Given records Block Start

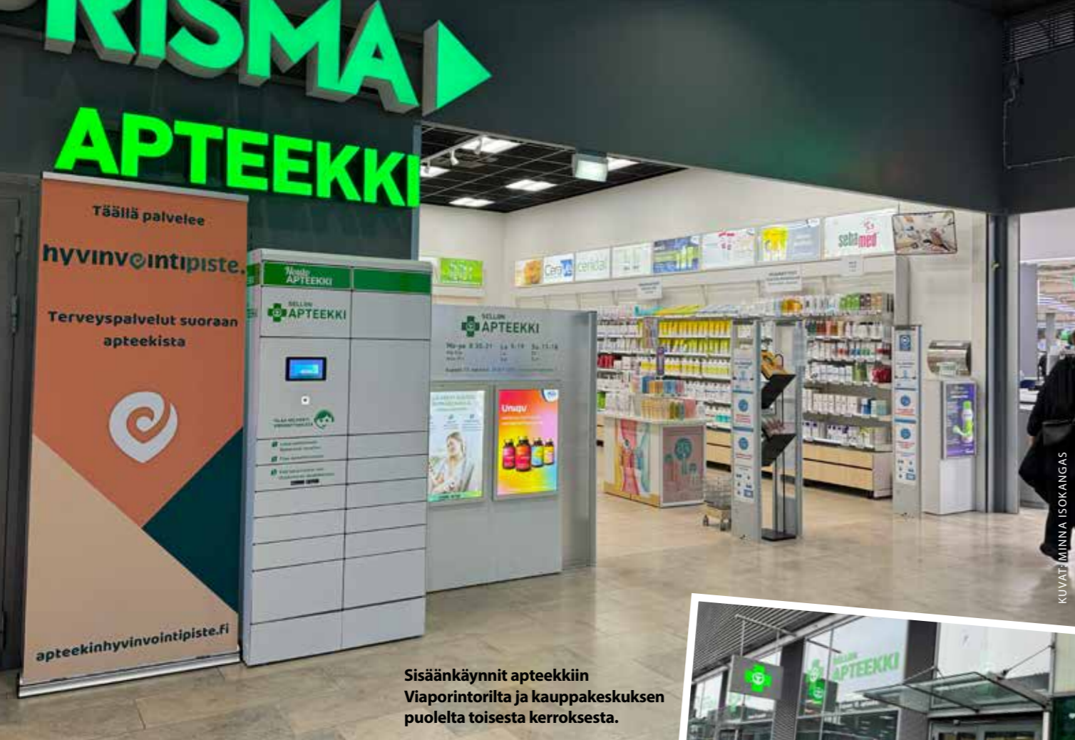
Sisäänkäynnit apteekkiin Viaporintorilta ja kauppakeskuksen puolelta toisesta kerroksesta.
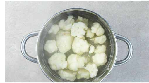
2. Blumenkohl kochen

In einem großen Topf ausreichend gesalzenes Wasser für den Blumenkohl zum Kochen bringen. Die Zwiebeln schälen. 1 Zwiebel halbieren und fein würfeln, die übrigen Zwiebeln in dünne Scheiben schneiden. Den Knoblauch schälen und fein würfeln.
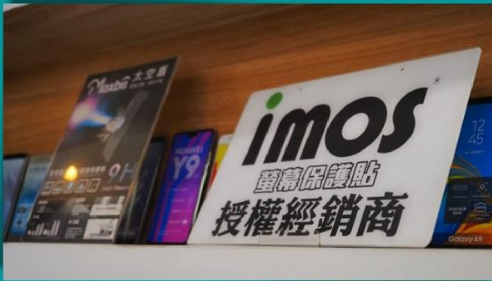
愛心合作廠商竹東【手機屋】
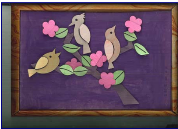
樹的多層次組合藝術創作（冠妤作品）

Given records Block End

Could you restate each record word for word, keeping the pictures out?

Sisäänkäynnit apteekkiin Viaporintorilta ja kauppakeskuksen puolelta toisesta kerroksesta.
2. Blumenkohl kochen

In einem großen Topf ausreichend gesalzenes Wasser für den Blumenkohl zum Kochen bringen. Die Zwiebeln schälen. 1 Zwiebel halbieren und fein würfeln, die übrigen Zwiebeln in dünne Scheiben schneiden. Den Knoblauch schälen und fein würfeln.
愛心合作廠商竹東【手機屋】
樹的多層次組合藝術創作（冠妤作品）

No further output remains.